For a split second, Benny wondered if he ought to tell Uncle Gordon about the YouSpace thing. Because maybe there are such things as coincidences, but if so, this was a pretty monumentally, visible-from-orbit huge one, so it could well have a bearing on the situation, so Uncle ought to know about it so he could factor it into his advice. But the thought of what Uncle would say if Benny confessed he’d been skipping in and out of alternate realities when he should’ve been revising simply didn’t bear thinking about. “Yes, Uncle,” he said.

“Promise?”

“Promise.”

“Good boy.” Quite unexpectedly, Uncle Gordon smiled. It wasn’t something that happened very often, roughly on a par with a total solar eclipse; unlike an eclipse, it made the world a very bright place. “I don’t know, you’re a bright kid, Benny, really,
really
bright, but there are times when you can be really,
really
stupid.”

Benny grinned back. “I know,” he said. “Sorry.”

Uncle Gordon sighed deeply and glanced at his watch. “Hellfire,” he said. “I’ve got to go. I’ve got sixteen South Korean venture capitalists sitting round a table drumming their fingers waiting for me. I told them I was just nipping out for a piss. See you later, all right?”

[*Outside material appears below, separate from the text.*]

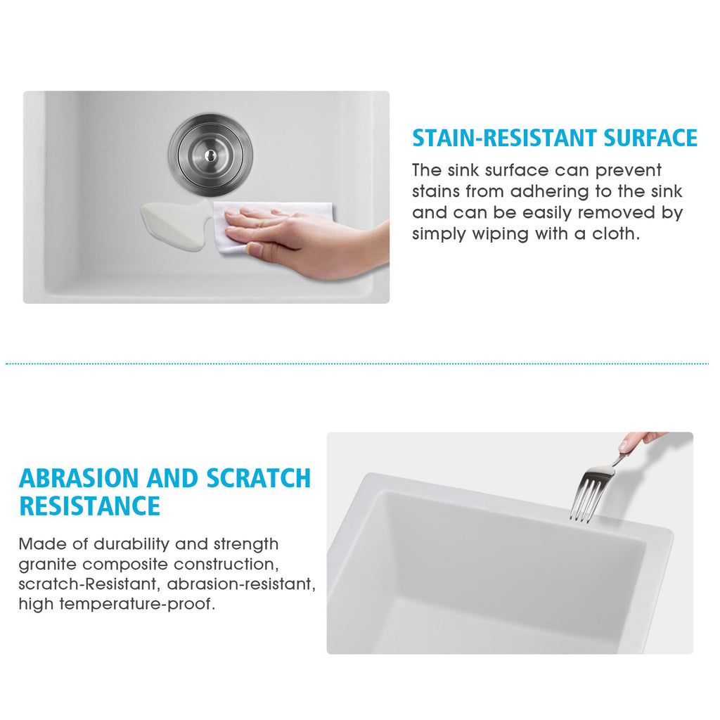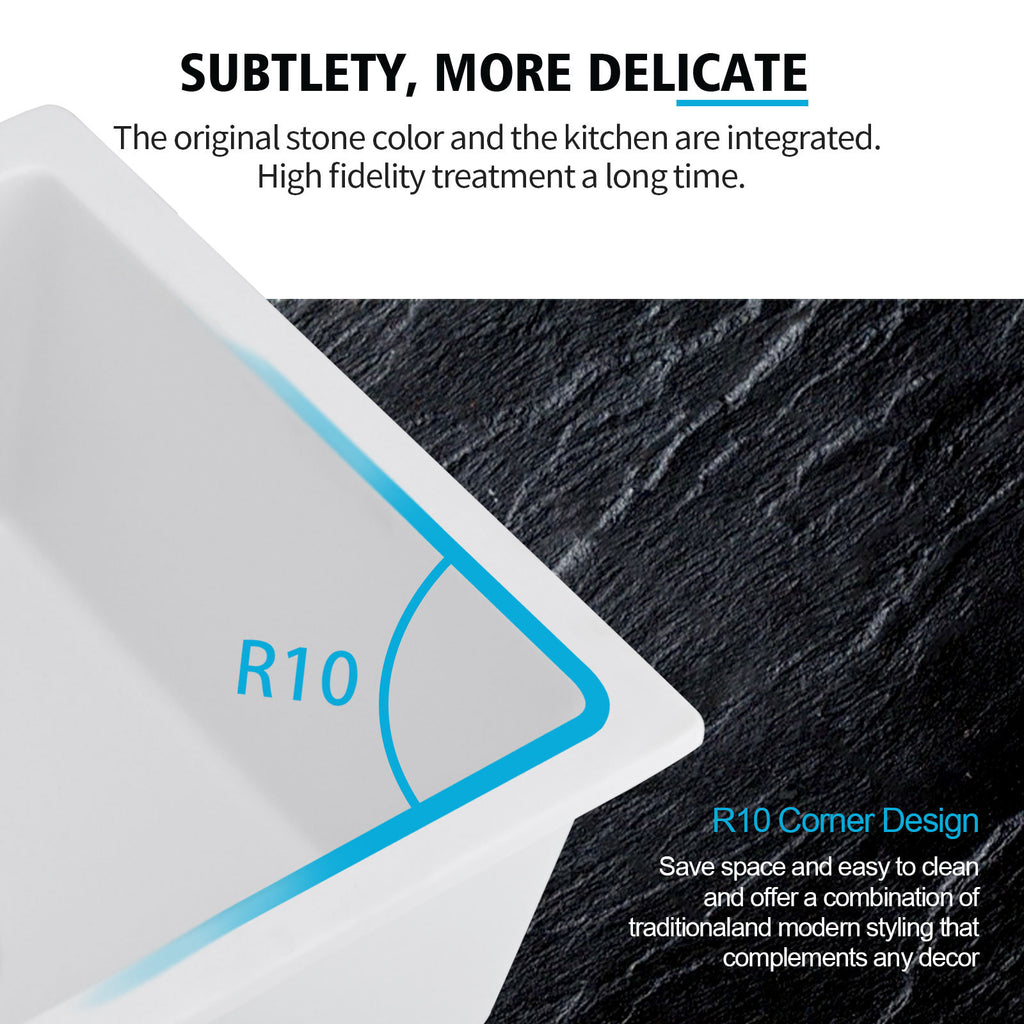 We are dedicated to creating elegant, stylish, and high-quality kitchen sinks. This quartz sink is crafted from 80% natural quartz and 20% proprietary resin through high-temperature processing. Advanced proprietary manufacturing techniques ensure uniform material distribution, providing unparalleled resistance to heat impact and damage from dropped items. With no worry about wear and tear, it offers the best experience for your kitchen living.

Uncle departed in a flurry of clomping feet and mislaid car keys, leaving the usual empty silence behind him; when
he left a room, it tended to be far emptier than it had been before he arrived, as if his exit had drained all the energy from it. But stillness, peace and quiet are what you need when you’re revising, and Benny was (he noticed with a degree of mild surprise) doing just that. At least, he was reading the notes and uploading data into his medium-term memory; but it was coming in hermetically sealed and labelled WARNING–UNRELIABLE, with one of those toxic-waste symbols stencilled on each package. He really wasn’t sure he wanted stuff like that in his head, in case it leaked out and got into something important. So he sealed off the bit of his brain he thought with from the warehouse space, and occupied it with thoughts like—

Well, he was very good about it, really.

Yes, except—

What?

I’m still not entirely sure what he was being very good
about
.

Excuse me?

I mean, it’s not like I’d done anything wrong—

Whoa there, cowboy. You disproved the laws of thermodynamics, for crying out loud.

Yes? So? I mean, if they’re wrong, they’re wrong.

Sure. That’s like saying, Stoke-on-Trent is a pretty horrible place, so let’s burn it to the ground. You can’t do that. People
live
there. At the very least, you’ve got to give them time to get their things and move out. Same with trashing the foundations of accepted knowledge. You can’t just light the fuse and run away. Well, can you?

Actually, I quite like Stoke-on-Trent.

Bull. You’ve never even been there.

I so have. On a train.

Passing through. Looking out the window. That doesn’t count.